祖塔也走到陽台,觀察了一下外面,「士兵們應該快到了,想辦法解釋一下吧,我不會走遠。另外,其他人明天上午會到達,那就是我們向吠陀出發的時間。」話音剛落,幽靈左手的戰士踏上欄桿借力騰空而起,一個翻轉消失在樓頂。

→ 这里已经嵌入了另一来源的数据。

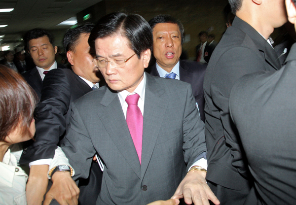 ▲ 이병순 사장이 12일 오전 국정감사에 출석하다 KBS 비정규직 사원들로부터 최근 해고 사태 등에 대한 항의를 받고 있다.(연합뉴스) |
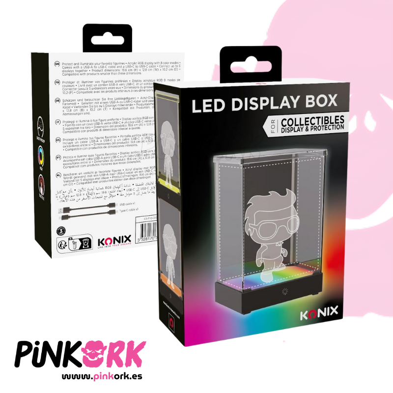 La Konix Vitrina LED Display Box es el accesorio perfecto para proteger y resaltar tus figuras de colección como Funko Pop, Banpresto Qposket u otras piezas de hasta 9 x 9 x 14 cm. Fabricada en acrílico de alta calidad, mantiene tus coleccionables a salvo del polvo mientras añade un toque espectacular gracias a su sistema de iluminación RGB.
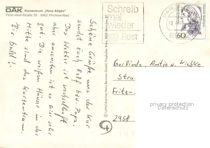 Ried_Pfronten DAK Kurzentrum Haus Allgaeu Fliegeraufnahme Ried Pfronten postalisch gelaufen 1992 Erhaltung siehe scans [WerneD78] WernPID7
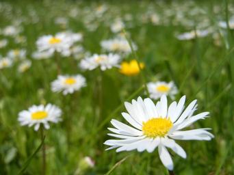 Keywords: daisies daisy flower macro white spring green lawn
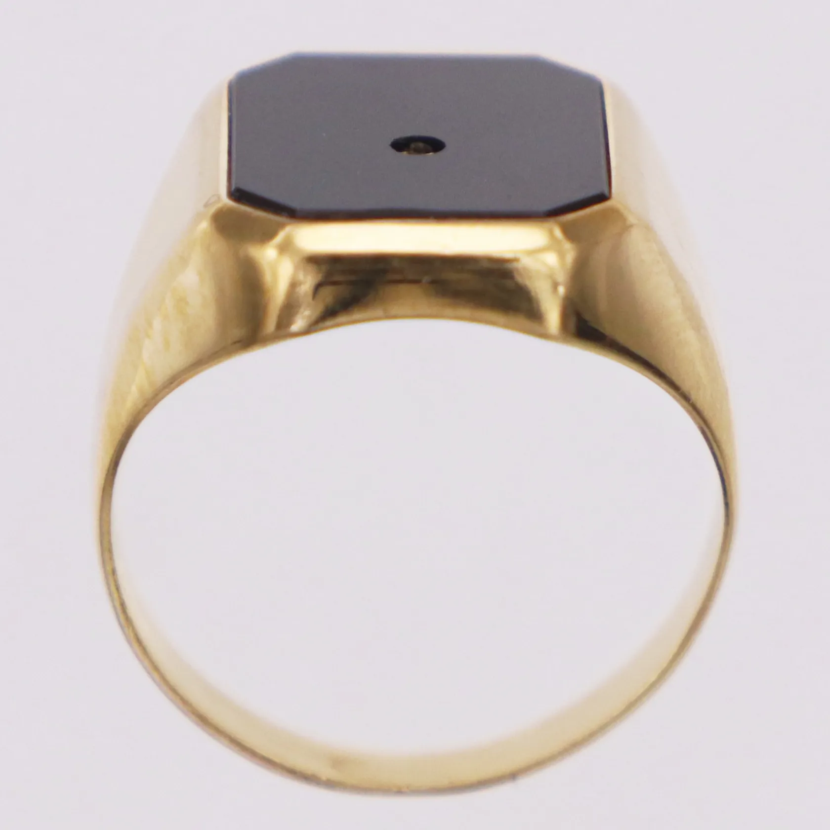 Klackring onyx, vit sten, Carlsén, stl 18¾, bredd 3-17,4mm, 18K Vikt: 6,4 g.
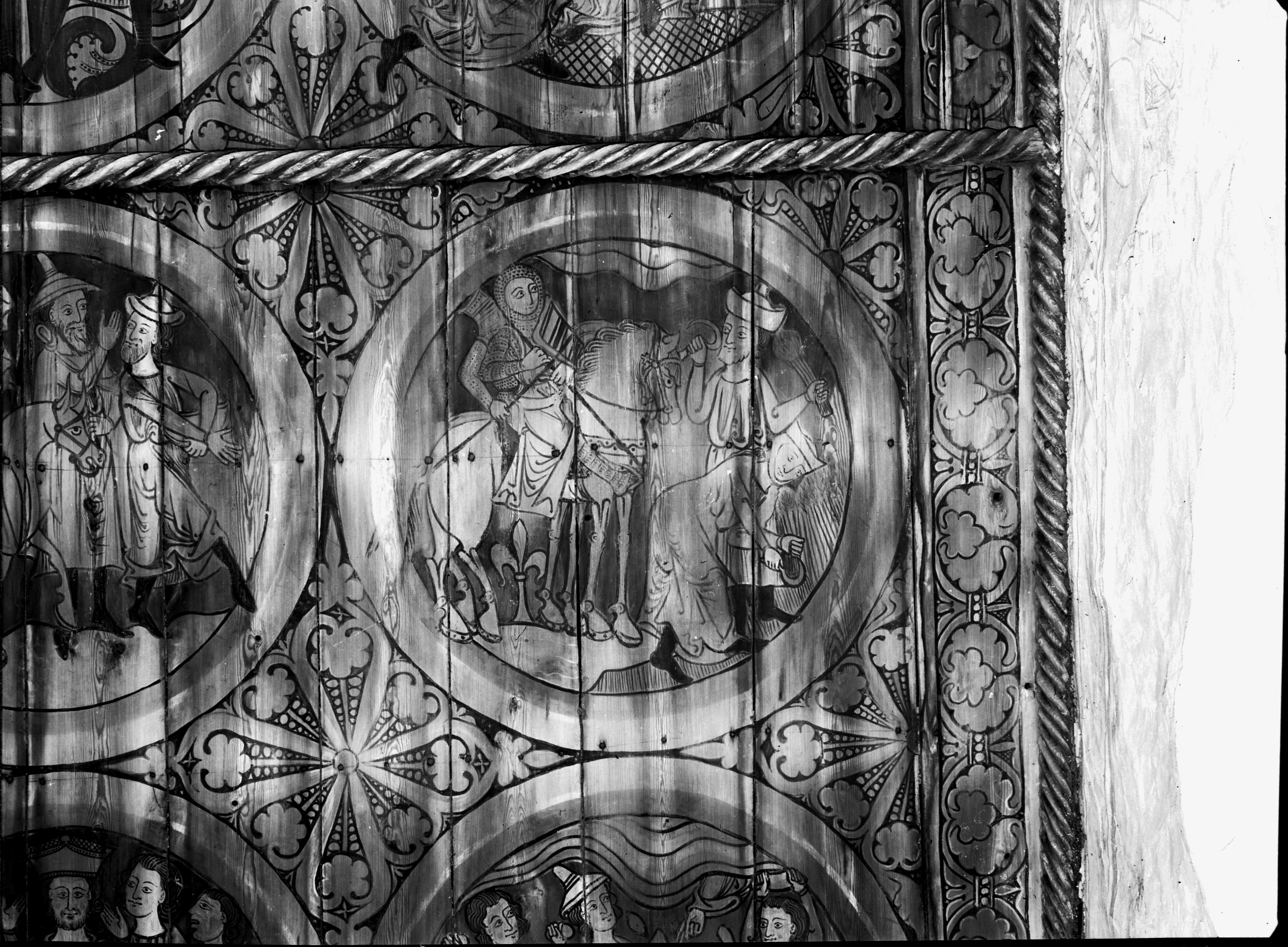 • Trämålningar i taket, från slutet av 1200-talet. I cirkelmedaljonger skildras Jesu och Marias liv samt Staffanslegenden.
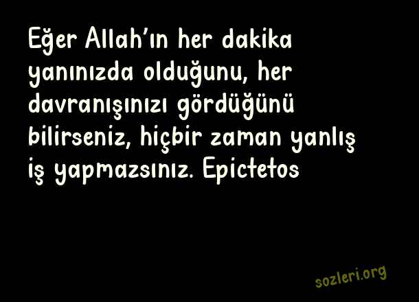 Eğer Allah’ın her dakika yanınızda olduğunu, her davranışınızı gördüğünü bilirseniz, hiçbir zaman yanlış iş yapmazsınız. Epictetos ( Yanlış Karar )
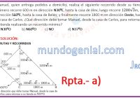 Manuel, quien entrega pedidos a domicilio, realiza el siguiente recorrido desde su tienda: primero recorre 600 m en dirección N30^oE, hasta la casa de Alex; luego recorre 1200*3^1/3 m, en dirección S60^oE, hasta la casa de Belén; y finalmente recorre 1800 m en dirección Oeste, hasta la casa de Carlos. ¿Qué dirección debe tomar Manuel, desde la casa de Carlos, para retornar a la tienda realizando un recorrido mínimo?
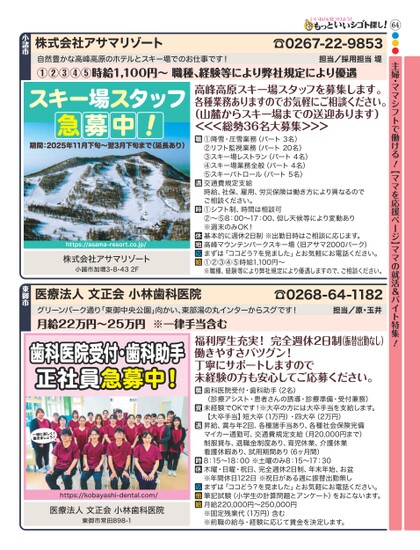 ●●●64主婦・ママシフトで働ける!【ママを応援ページ】ママの就活&バイト特集!高峰高原スキー場スタッフを募集します。各種業務ありますのでお気軽にご相談ください。(山麓からスキー場までの送迎あります)<<<総勢36名大募集>>>①降雪・圧雪業務(パート3名)②リフト監視業務(パート20名)③スキー場レストラン(パート4名)④スキー場業務全般(パート4名)⑤スキーパトロール(パート5名)交通費規定支給時給、社保、雇用、労災保険は働き方により異なるのでご相談ください。①シフト制、時間は相談可②〜⑤8:00〜17:00、但し天候等により変動あり※週末のみOK!基本的に週休2日制※出勤日時はご相談に応じます。高峰マウンテンパークスキー場(旧アサマ2000パーク)まずは「ココどう?を見ました」とお気軽にお電話ください。①②③④⑤時給1,100円〜※職種、経験等により弊社規定により優遇しますので、ご相談ください。自然豊かな高峰高原のホテルとスキー場でのお仕事です!①②③④⑤時給1,100円〜職種、経験等により弊社規定により優遇担当/採用担当堤☎0267-22-9853株式会社アサマリゾート小諸市スキー場スタッフ急募中!期間:2025年11月下旬〜翌3月下旬まで(延長あり)https://asama-resort.co.jp/株式会社アサマリゾート小諸市加増3-8-432F☎0268-64-1182担当/原・玉井グリーンパーク通り「東御中央公園」向かい、東部湯の丸インターからスグです!月給22万円〜25万円※一律手当含む医療法人文正会小林歯科医院東御市歯科医院受付・歯科助手正社員急募中!一緒に楽しく!働きましょう!https://kobayashi-dental.com/医療法人文正会小林歯科医院東御市常田898-1福利厚生充実!完全週休2日制(振替出勤なし)働きやすさバツグン!丁寧にサポートしますので未経験の方も安心してご応募ください。歯科医院受付・歯科助手(2名)(診療アシスト・患者さんの誘導・診療準備・受付兼務)未経験でOKです!※大卒の方には大卒手当を支給します。【大卒手当】短大卒(1万円)・四大卒(2万円)昇給、賞与年2回、各種諸手当あり、各種社会保険完備マイカー通勤可、交通費規定支給(月20,000円まで)制服貸与、退職金制度あり、育児休業、介護休業看護休暇あり、試用期間あり(6ヶ月間)8:15〜18:00※土曜のみ8:15〜17:30木曜・日曜・祝日、完全週休2日制、年末年始、お盆※年間休日122日※祝日がある週に振替出勤無しまずは「ココどう?を見ました」とお気軽にお電話ください。筆記試験(小学生の計算問題とアンケート)をおこないます。月給220,000円〜250,000円※固定残業代(1万円)含む※前職の給与・経験に応じて賃金を決定します。

果然,皇家火刃騎兵團的大營很快沸騰了。被結界保護的房間保持著原樣,可橫七豎八的尸體令人觸目驚心,幾分鐘後,臉色鐵青的薩迪斯中校出現在房間門口,「這、這是怎麼回事?」
尸體當中有幾位是跟隨彌亞斯從巴克特里亞調任東南指揮所的軍官,這讓這件事變得不太好解釋。「呃,中校,這個……」約納結結巴巴地開口。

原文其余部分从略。